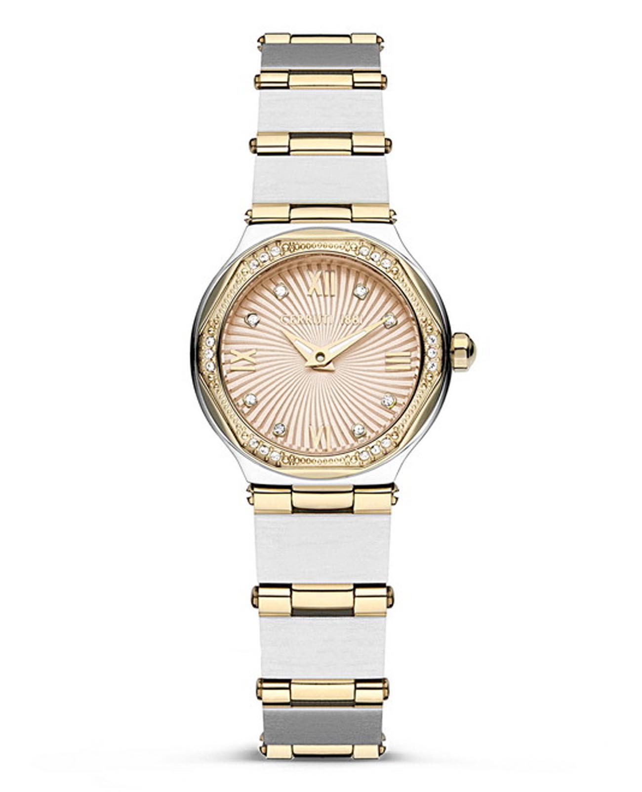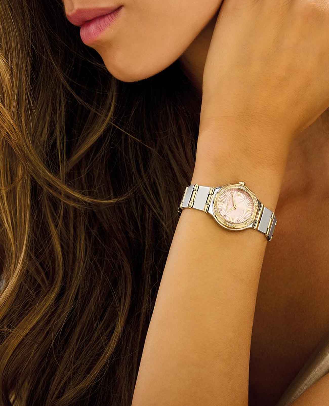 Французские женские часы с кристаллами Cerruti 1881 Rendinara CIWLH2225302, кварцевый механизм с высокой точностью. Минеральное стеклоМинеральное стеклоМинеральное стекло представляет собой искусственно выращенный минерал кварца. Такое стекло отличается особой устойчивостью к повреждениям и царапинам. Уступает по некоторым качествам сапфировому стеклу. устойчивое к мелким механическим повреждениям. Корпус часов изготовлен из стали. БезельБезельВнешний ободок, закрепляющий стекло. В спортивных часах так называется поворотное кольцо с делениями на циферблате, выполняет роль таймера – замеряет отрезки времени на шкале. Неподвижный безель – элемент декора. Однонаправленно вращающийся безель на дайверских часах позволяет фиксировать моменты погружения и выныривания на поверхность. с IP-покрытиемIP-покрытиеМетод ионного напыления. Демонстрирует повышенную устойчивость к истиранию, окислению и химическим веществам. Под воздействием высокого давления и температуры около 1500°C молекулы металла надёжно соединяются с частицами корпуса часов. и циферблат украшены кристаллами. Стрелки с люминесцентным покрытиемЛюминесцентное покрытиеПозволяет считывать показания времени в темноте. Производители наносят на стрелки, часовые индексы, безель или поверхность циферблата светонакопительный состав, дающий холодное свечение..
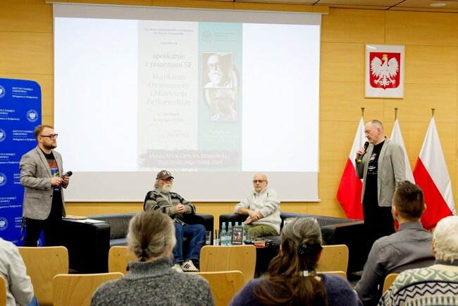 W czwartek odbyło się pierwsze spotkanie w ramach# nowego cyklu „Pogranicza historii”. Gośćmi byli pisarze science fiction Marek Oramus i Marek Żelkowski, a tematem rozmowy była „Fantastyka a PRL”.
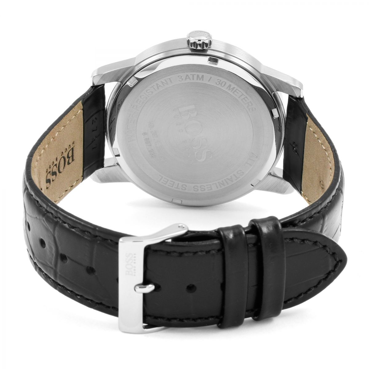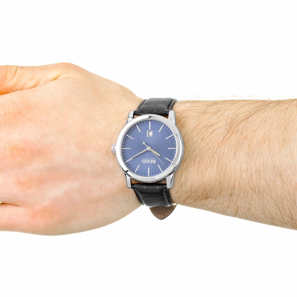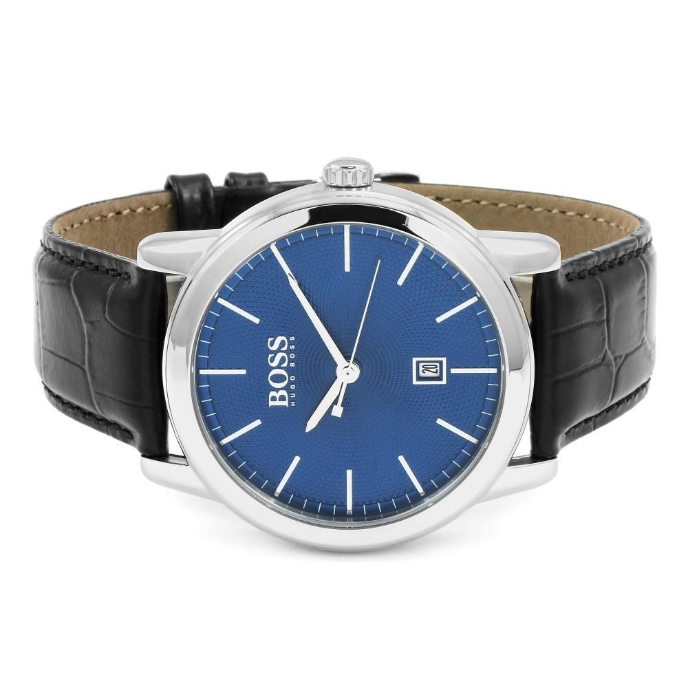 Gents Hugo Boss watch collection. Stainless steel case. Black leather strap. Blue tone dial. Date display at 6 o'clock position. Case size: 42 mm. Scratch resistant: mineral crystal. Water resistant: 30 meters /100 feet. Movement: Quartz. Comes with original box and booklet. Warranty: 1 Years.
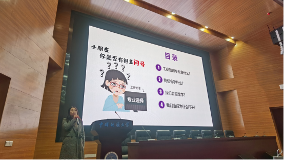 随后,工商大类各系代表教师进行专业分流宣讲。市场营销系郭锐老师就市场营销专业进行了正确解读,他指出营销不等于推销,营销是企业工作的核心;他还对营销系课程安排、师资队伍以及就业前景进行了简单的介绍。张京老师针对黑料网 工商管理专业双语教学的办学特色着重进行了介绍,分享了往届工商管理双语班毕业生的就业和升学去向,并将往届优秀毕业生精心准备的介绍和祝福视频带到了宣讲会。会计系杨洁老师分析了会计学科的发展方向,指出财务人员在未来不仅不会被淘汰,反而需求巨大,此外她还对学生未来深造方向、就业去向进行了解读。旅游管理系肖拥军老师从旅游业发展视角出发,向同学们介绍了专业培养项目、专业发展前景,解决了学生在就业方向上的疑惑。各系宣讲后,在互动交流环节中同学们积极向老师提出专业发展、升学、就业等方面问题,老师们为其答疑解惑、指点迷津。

------

ABOUT THIS TASK.
Begin at the first line of the data above and repeat each line exactly, stopping after the line containing "W czwartek odbyło". Omit the pictures.

ANSWER FOR THIS EXERCISE.
 Французские женские часы с кристаллами Cerruti 1881 Rendinara CIWLH2225302, кварцевый механизм с высокой точностью. Минеральное стеклоМинеральное стеклоМинеральное стекло представляет собой искусственно выращенный минерал кварца. Такое стекло отличается особой устойчивостью к повреждениям и царапинам. Уступает по некоторым качествам сапфировому стеклу. устойчивое к мелким механическим повреждениям. Корпус часов изготовлен из стали. БезельБезельВнешний ободок, закрепляющий стекло. В спортивных часах так называется поворотное кольцо с делениями на циферблате, выполняет роль таймера – замеряет отрезки времени на шкале. Неподвижный безель – элемент декора. Однонаправленно вращающийся безель на дайверских часах позволяет фиксировать моменты погружения и выныривания на поверхность. с IP-покрытиемIP-покрытиеМетод ионного напыления. Демонстрирует повышенную устойчивость к истиранию, окислению и химическим веществам. Под воздействием высокого давления и температуры около 1500°C молекулы металла надёжно соединяются с частицами корпуса часов. и циферблат украшены кристаллами. Стрелки с люминесцентным покрытиемЛюминесцентное покрытиеПозволяет считывать показания времени в темноте. Производители наносят на стрелки, часовые индексы, безель или поверхность циферблата светонакопительный состав, дающий холодное свечение..
 W czwartek odbyło się pierwsze spotkanie w ramach# nowego cyklu „Pogranicza historii”. Gośćmi byli pisarze science fiction Marek Oramus i Marek Żelkowski, a tematem rozmowy była „Fantastyka a PRL”.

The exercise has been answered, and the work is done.